The gifts were also made during a period when there was concern about changes in tax law. The transfers helped protect assets from estate taxation. Apparently, the mother also did not like paying taxes.
So they were able to establish that the gifts were consistent with her donative intent.
The court said the brothers had the burden of proof. If they hadn’t had evidence to support their position, they might have lost. But the judge believed their testimony.
The case was approved at the trial court level and later upheld by the Massachusetts Appeals Court.
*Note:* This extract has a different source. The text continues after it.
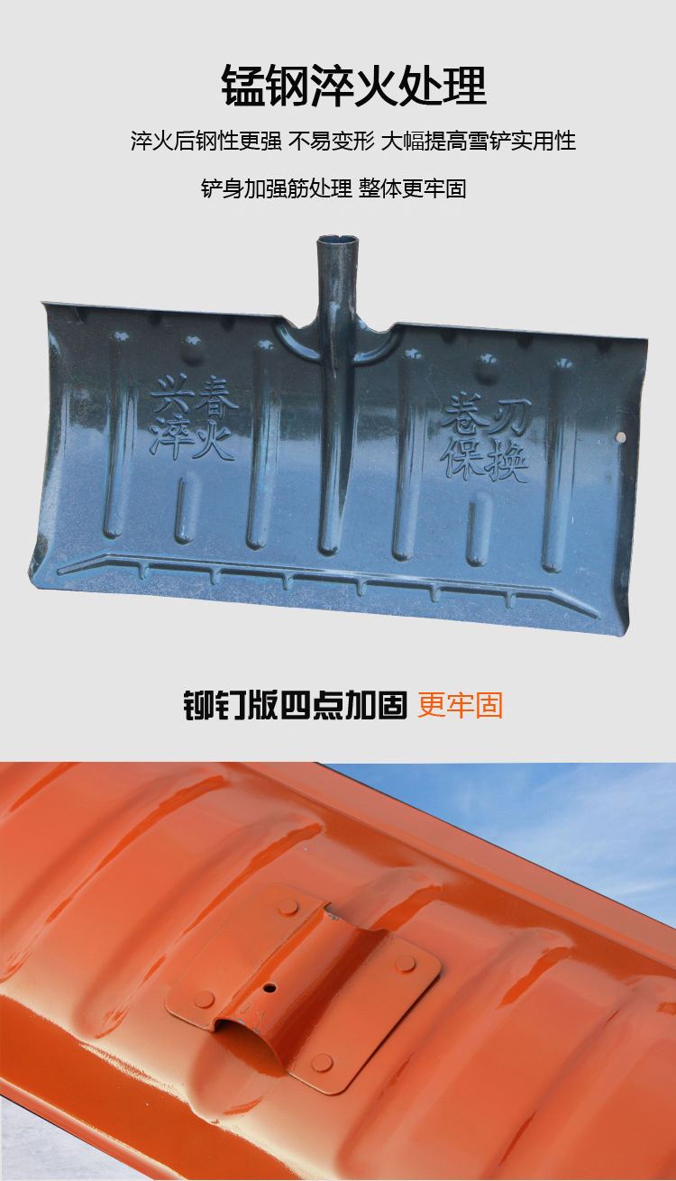 加厚全鋼推雪鍬鏟推雪板鏟大號(hào)除雪清糞多功能鏟除雪鏟 加厚加寬一體款帶桿子

Potential liability for agents
Robert Powell: My understanding is that had the case gone the other way, there could have been civil or even criminal penalties or charges.
Harry Margolis: Probably not criminal in this case. They probably just would have had to return the money.
Again, everything depends on the facts. If it’s clear theft, there could be criminal elder abuse cases where the power is really misused.
But this was a case where they were caring for their mother and the gifts were done for tax-planning purposes. They weren’t siphoning off the money and living off it.
Why some states require explicit authority
Robert Powell: Some states follow the Uniform Power of Attorney Act, which treats gifts as a “hot power.” Is that a term of art?
Harry Margolis: I think what you often see on state power of attorney forms is a checklist of powers you can give to your agent. You’ll usually find gifting authority there.
Robert Powell: So in that case, it would almost require an explicit opt-in instruction allowing the agent to make gifts?
Harry Margolis: Right. Or to make gifts to the agent themselves.
If you have a checklist of powers and you don’t check off gifting authority, the implication is that you didn’t want to give that power to the agent.
Why broader gifting powers may matter
Robert Powell: If the language is explicit and there’s a history of gifting, you’re probably okay. Otherwise, it could be a red flag for family members or others interested in the money.
Harry Margolis: Exactly.
Robert Powell: Should people amend their power of attorney if the gifting language isn’t explicit?
Harry Margolis: Yes. People should review their powers of attorney.
If the document doesn’t include a gifting power, or if it limits gifts to the annual gift tax exclusion, they should seriously consider signing a new power of attorney with broader gifting authority.
Should agents seek court approval?
Robert Powell: If the document is silent on gifts, an agent could avoid making the gift or possibly seek court approval before making it. Is that worth considering?
Harry Margolis: You could do that, but one reason for having a power of attorney is to avoid going to court.
If you go to court, you may need to become appointed conservator or guardian, depending on the state. Then you may need a second court petition asking permission to make the transfer.
That’s a long, drawn-out, and expensive process.